We just recently moved to St. Augustine, FL with an employer change that has brought my family 600+ miles away from the home my wife and I had known for 25 years.  While exploring our new home, we found that we have a Karate dojo right around the corner from where we live.  I poked my head in to learn some more about the school.  This particular dojo teaches a style called "Tong Hop Moo Sool" which I had never heard of before.  The school teaches a mixture of Hapkido, Tae Kwon Do, Shotokan, Judo, and Shorin-Ryu.  The part that I really liked is that is also Christian focused as well.  You know that feeling when you found a school of martial arts that you really like and you feel really good about the teaching staff?  That feeling that says "I want to learn here!" at this school?  Yep, my wife and I both had that feeling. 

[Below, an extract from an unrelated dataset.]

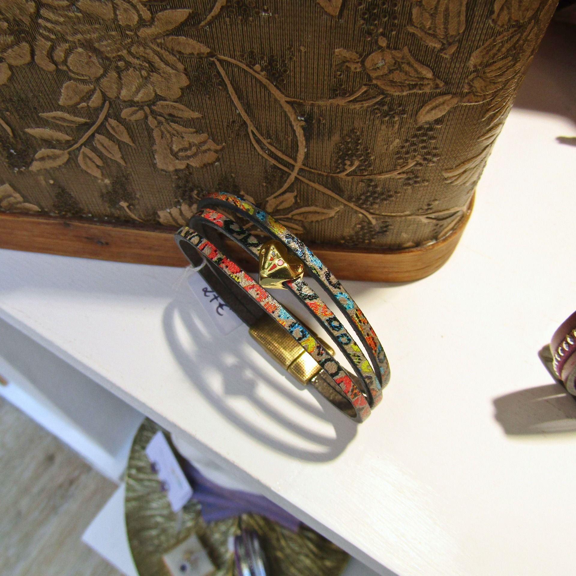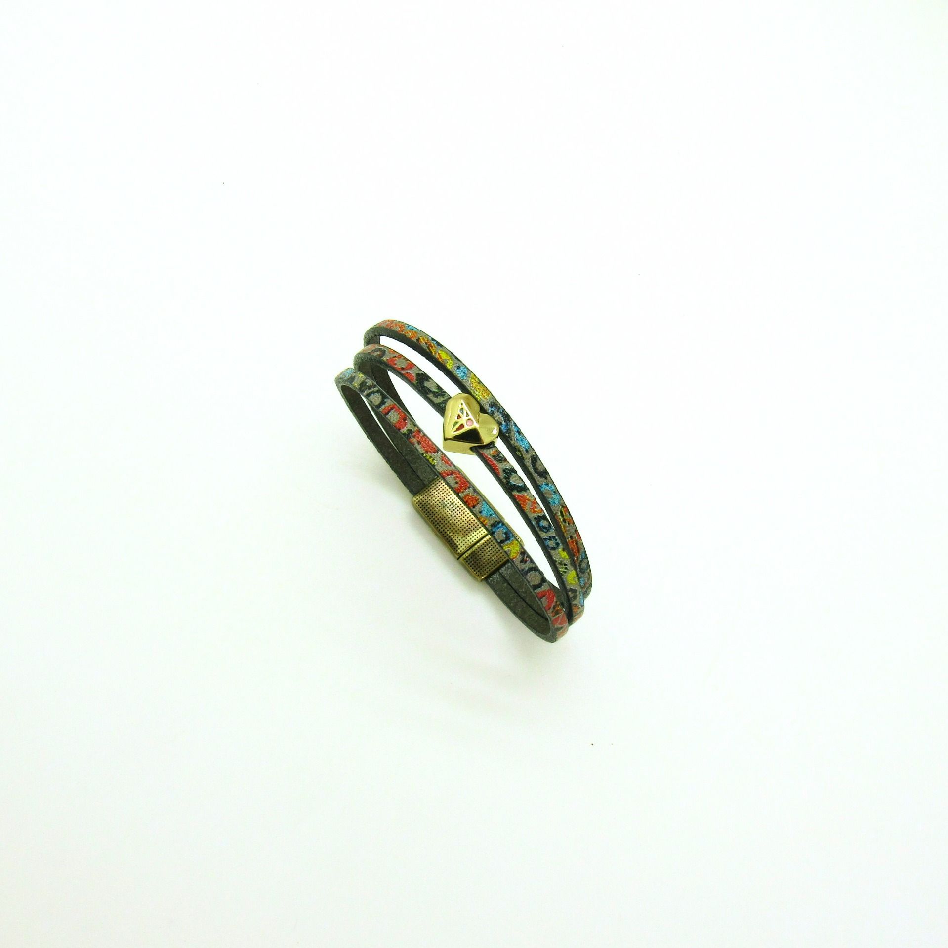 Bracelet cuir largeur 10mm avec trois lanières de cuir imprimé de motifs inspiration indienne "Pushkar" avec un joli passant coeur en plaqué or avec des petits motifs couleur en émail sur le dessus. Fermoir aimanté en zamack bronze.

We signed our son up after he tried it out a few times.  I, too, have signed up for classes as well.  My wife has to wait a little while longer until her arm heals unfortunately, but she'll be signing up eventually as well.  

I look forward to learning new things and I'll be poking my head in a little more often now.

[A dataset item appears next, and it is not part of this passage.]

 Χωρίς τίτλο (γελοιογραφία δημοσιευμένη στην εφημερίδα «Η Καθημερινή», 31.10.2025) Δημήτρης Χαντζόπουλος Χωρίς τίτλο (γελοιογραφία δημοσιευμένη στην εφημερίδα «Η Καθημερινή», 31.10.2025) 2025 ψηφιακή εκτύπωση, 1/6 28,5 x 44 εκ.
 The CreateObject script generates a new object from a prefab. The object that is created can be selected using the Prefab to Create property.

Hope everyone has a great day.


----------



## Brian King (Feb 2, 2013)

It is great to find "that place" that fits just right. Congratulations on starting your families journey. A lucky young man to have both parents into training with him. A great opportunity for dad to take leadership and provide a positive environment for the whole family. 

Good luck.
Warmest Regards
Brian King


----------



## arnisador (Feb 2, 2013)

That's quite a mix of arts there! Good luck with it!


----------



## seasoned (Feb 2, 2013)

Jason, we're glad you found your way back to this site. It's awesome that you and your wife have decided to train as a family. The rewards of companionship and sharing experiences and milestones will stay with all of you for many many years. Please stop by and keep us informed of your progress.


----------



## jacefox (Feb 5, 2013)

Thanks everyone.


----------



## WaterGal (Feb 6, 2013)

Good luck in your martial arts training!  It's great to find a place that feels like a good community.

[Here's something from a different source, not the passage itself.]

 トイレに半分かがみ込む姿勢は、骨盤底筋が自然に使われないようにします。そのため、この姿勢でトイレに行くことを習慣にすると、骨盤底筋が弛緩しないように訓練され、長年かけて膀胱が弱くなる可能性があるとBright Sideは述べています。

I am curious, though, what "Christian focused" means when it comes to martial arts training?  That's a new one to me.


----------



## jacefox (Feb 8, 2013)

Hi WaterGal,

This particular school's sensei incorporates the 10 commandments and prayer into the daily practice. We also discuss current events in the classes as well. He has us thinking as well as practicing forms.  

Hope that helps.


----------



## Forzavilla (Feb 9, 2013)

Like others have already said' it's great when you finally find "your place"

I've been on a similar journey during the last 2 years or so,Muay Thai,Kickboxing,Kung Fu,but finally thank goodness I have found my "art" that suits everything I set out to find when I started martial arts

That style ?

Japanese Ju Jutsu !


----------



## jacefox (Feb 9, 2013)

Hi Forzavilla,

Congratulations and good luck in your journey.  I'm looking forward to my journey.

Jason


----------



## WaterGal (Feb 13, 2013)

jacefox said:


> Hi WaterGal,
> 
> This particular school's sensei incorporates the 10 commandments and prayer into the daily practice. We also discuss current events in the classes as well. He has us thinking as well as practicing forms.
> 
> Hope that helps.



Ahh, okay.  That's interesting.  I'm used to there being a sort of vague non-specific "Eastern" spirituality about martial arts, like with meditation and qi and all that, but prayer can be a kind of meditation too.  

I will say, though, and this is just me, but one of the things that I really love about martial arts is how much of a melting pot it all is.  You can meet and make friends with people of all different backgrounds, ages, races, religions, cultures, political beliefs, incomes, values, whatever. I feel like being a specifically Christian martial arts school might cut into that?  But maybe not - obviously, I've never been to that school.  And that might not even be something that's important to you anyway.  Could just be my East Coast big city upbringing, lol.

Anyway, the most important thing is that your family feels comfortable there and the training is challenging and fun and helpful, and it sounds like it's working for you guys, so that's good.


----------